Sensitivity analysis shows that the uncertainties in estimating the values of the birth rate of capybaras are the most critical in affecting the prediction of the number of migratory susceptible, infected and recovered capybaras, as shown in Fig 3. In fact, in the specific case of infected capybaras, the unique factor that significantly and positively impacted their migration was their birth rate (PRCC = 0.94; 99% CI = 0.91 - 0.97). This positive value in the PRCC of the birth rate implies that when the value of this input variable increases, the future number of migratory capybaras will also increase. Furthermore, the future number of infected migratory capybaras decreases significantly as the recovery (PRCC = -0.87; 99% CI = -0.95 - -0.82) and death (PRCC = -0.41; 99% CI = -0.64 - -0.18) rates increase, as also shown in Fig 3. The migration rate of capybaras (ϕ) only impacts significantly the number of susceptible migratory capybaras (PRCC = 0.48; 99% CI = 0.28 - 0.73).

Fig 3

Partial rank correlation coefficient (PRCC) between each parameter and the average migratory population of capybaras.

The birth rate of capybaras is the most influential parameter in affecting the number of migratory capybaras.

In scenarios considering populations of ticks and capybaras surrounded by non-sugarcane barriers from 300 m to 4 km, regardless of the amount of cane where they were, the spatial movement of capybaras obeyed the distribution of the sugarcane. Migration of individuals was interrupted from a barrier width of 4km and therefore the spread of the disease was also intercepted. The disease was able to cross barriers of less than 2 km in the first year of simulation, barriers of 3km in the second year and barriers of 3.5 km in the third year. Fig 4 demonstrates the relation of the barrier width and the time to cross the barrier.

Fig 4

Relation of the barrier width and the time to cross the barrier.

The disease is able to cross barriers of less than 2 km in the first year, barriers of 3km in the second year and barriers of 3.5 km in the third year.

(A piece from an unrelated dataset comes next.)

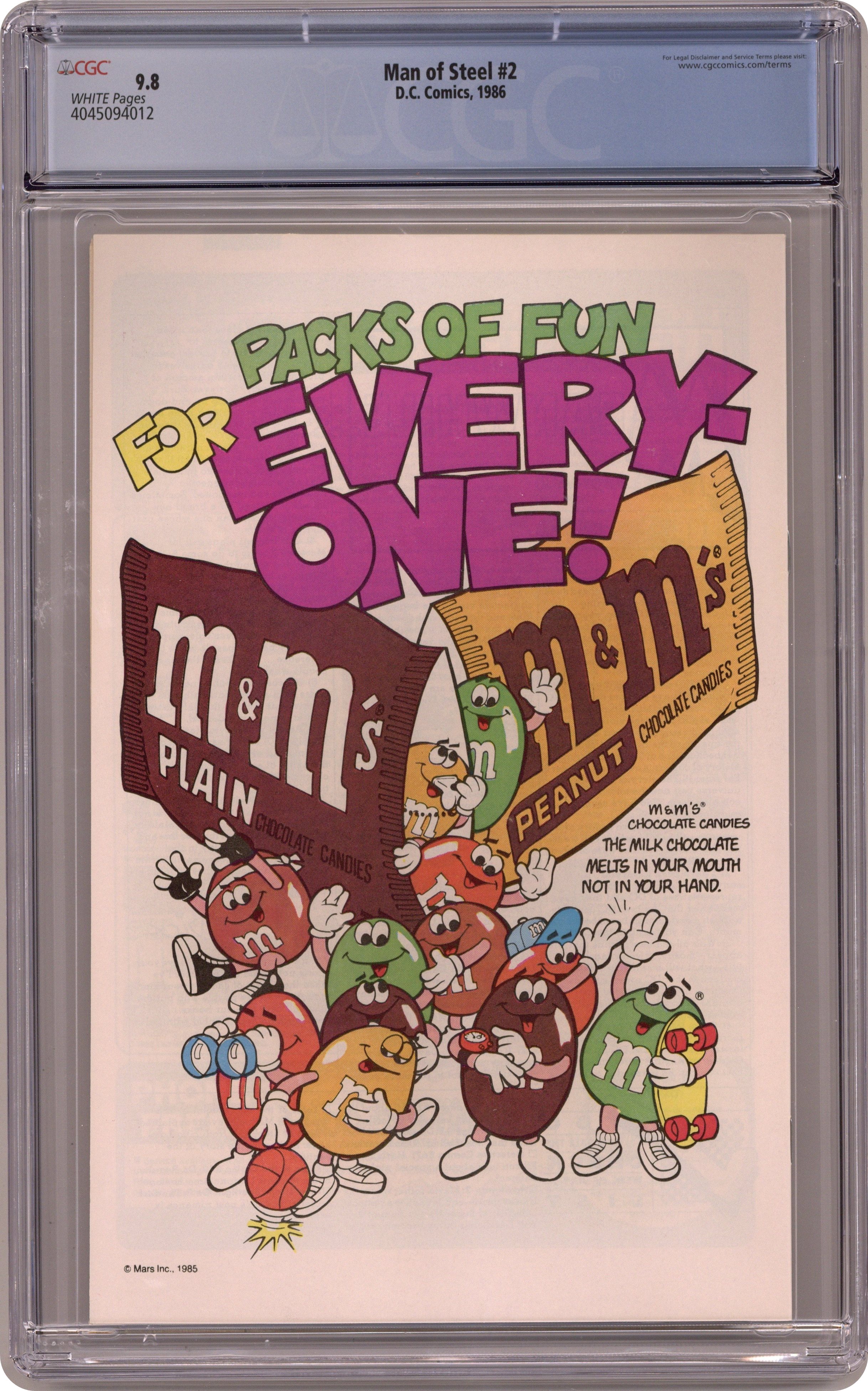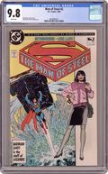 Published just a few months after Crisis on Infinite Earths, John Byrne's The Man of Steel updated the saga of Superman for modern audiences, changing certain aspects of the character in the process. In this issue Lois Lane drives off a pier in order to get Superman's attention so she can interview him for The Daily Planet. In addition, Clark writes his first story for the Planet. Unlike the pre-Crisis Lois Lane, the revised Lois doesn't spend time trying to uncover Superman's secret identity (since no one knows he has a secret identity). Written and drawn by John Byrne, with inks by Dick Giordano. Cover price $0.75. Grade: CGC 9.8 explanation of grade Condition: Used (collectible)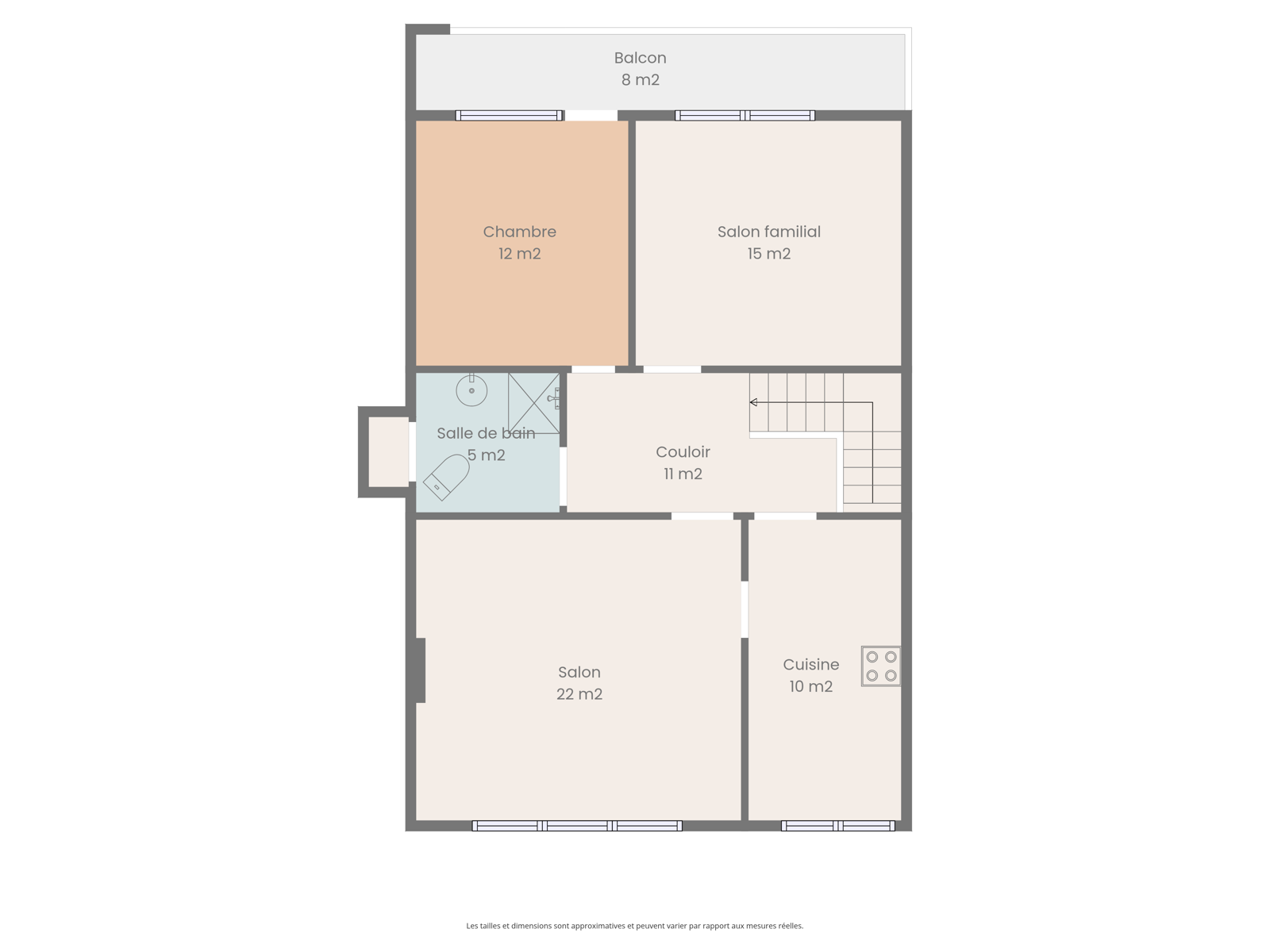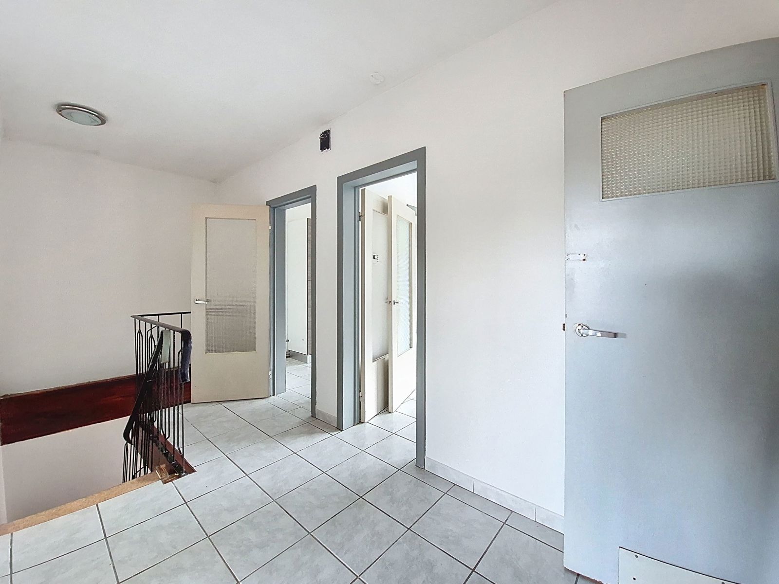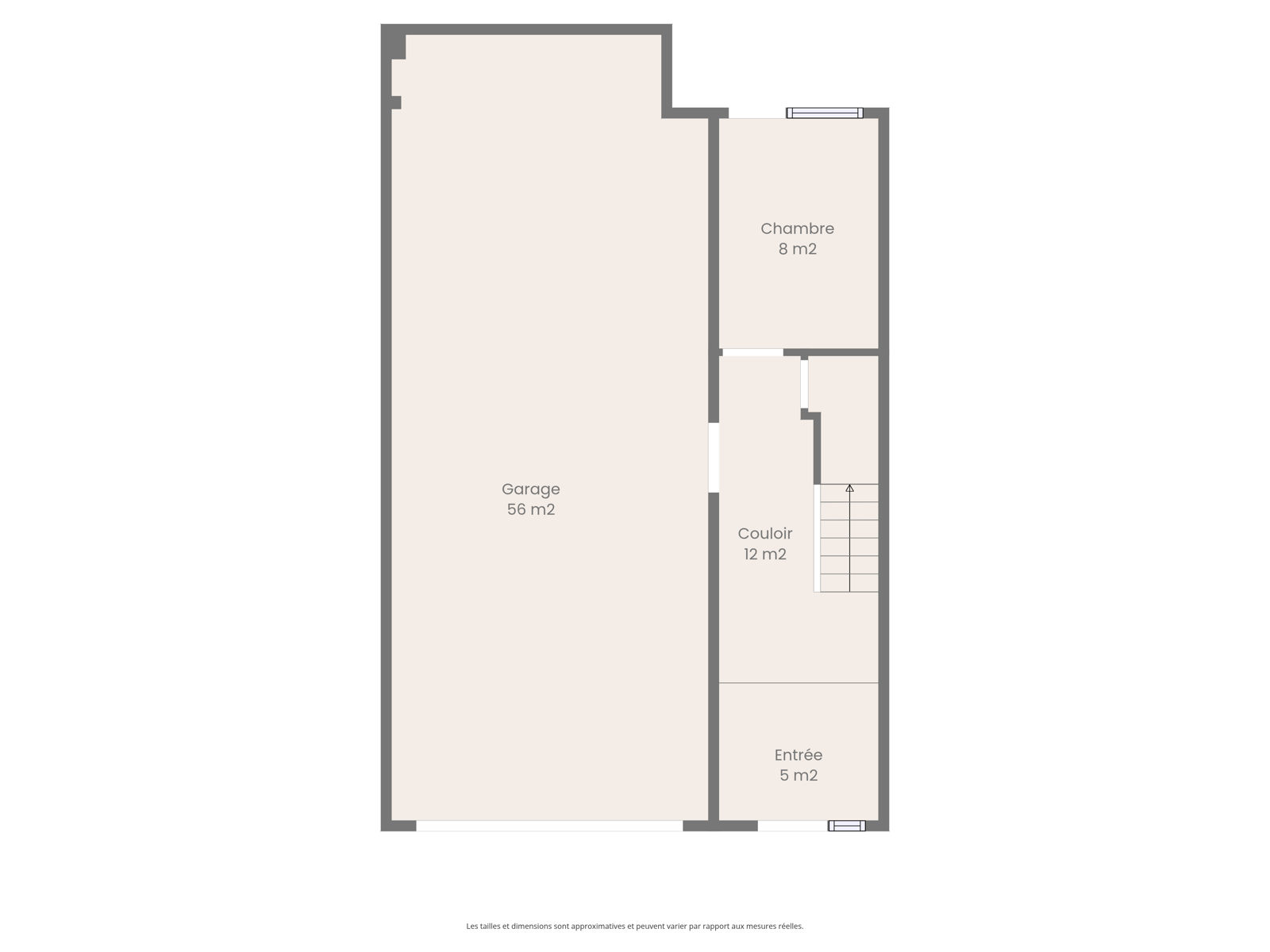 La maison se compose, au rez-de-chaussée, d’un hall d’entrée spacieux, d’un espace polyvalent et d’un vaste garage. À l’étage, on retrouve un couloir desservant deux chambres, une salle de bain, un salon lumineux et une cuisine fonctionnelle.

Since capybaras do not tend to move more than 500 meters from water bodies while foraging [43-45], riparian reforestation up to 500 meters around water resources could be an alternative to interrupting their access to sugarcane crops, reducing their supply of food, and consequently their birth rate. However, as found in this work, the distance of riparian reforestation should be greater since capybaras mean dispersal distances of 3366 m [32, 33] and home ranges up to 200 ha have been reported in South America [39]. Additionally, in areas with established groups of capybaras, riparian forested areas in the early stages are at risk in terms of plant survival due to the trampling of young plants of woody species [46]. Thus, riparian reforestation could be undertaken as a preventive strategy in areas where groups of capybaras have not yet established. Positively, riparian forests provide positive ecological impacts, such as biodiversity conservation, regularization of hydrological cycles, soil conservation, sediment retention, carbon fixation, and pollutant filtering [47-49].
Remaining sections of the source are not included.